Swardson is the god damn worst person, place or thing in this travesty. His character is an exact replica of his own real life: a hanger-on of Sandler, whom tolerates Swardson solely for him to be the butt of jokes. There is no pity to give to this walking debauchery of poor taste. Sandler, "shockingly", is dreadfully boring, hardly giving any energy even when he's just eating potato chips. Kevin James, an actor who has often coasted by or actually be a shining light in a movie, finally succumbs into being a pathetic shell like Sandler. Unless he was purposely sandbagging his storyline as a lying mama's boy, I'm very ashamed of his work here. At least Chris Rock and David Spade get some brittle material to munch on and crap out some embarrassing moments of sentimentality. No such luck for the other SNL players, all of which have prominently awful cameos. A couple examples include Jon Lovitz as the aforementioned, pervert janitor, Colin Quinn and Tim Meadows reprise their tiresome roles, and Cheri Oteri sinks every scene she's in as a psycho "ex-girlfriend".

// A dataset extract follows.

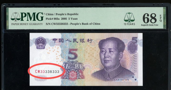 数字冠雷同补号冠,再加上70分的满分评级,让这张2005年的5元纸币储藏价钱达到了3500元傍边。

I hated the child actors, practically all of them in fact. Some might say that it's mean to criticize kids in films. Well, the kids are willing to be paid handsomely for their services and be displayed on movie screens all over the world, so we have every right to destroy their acting abilities and crush their dreams. The only ones able to escape harsh punishment and are actually okay are China Anne McClain, as Rock's wallflower daughter, and Ada-Nicole Sanger, as James' daughter with the weird fashion sense for shoes. The rest are all pathetic: Frank & Morgan Gingerich's skills match up perfectly with the intelligence of their character; Sandler's two boys and Rock's son are universally bland; Kaleo Elem annoys to no end as a poop-shaking, feral baby; and Alexys Nycole Sanchez continues to spew an ear-screeching voice and refuses to say a line without smiling. There's also Kamil McFadden, who is clad heavily in terrible makeup and plays the horrible long-lost offspring of NORBIT.


Let me point something out before I end this death certificate. GROWN UPS 2 is extremely bad but it's not on the same bad level as JACK & JILL. That film literally crumbs apart in front of your eyes, with every single shot having something wrong. So Sandler and Dugan at least have that going for them, which I guess is nice. But when it comes to child actors, I will gladly tolerate a monotone boy with a hamster taped to his back than listen to Alexys Sanchez' acting.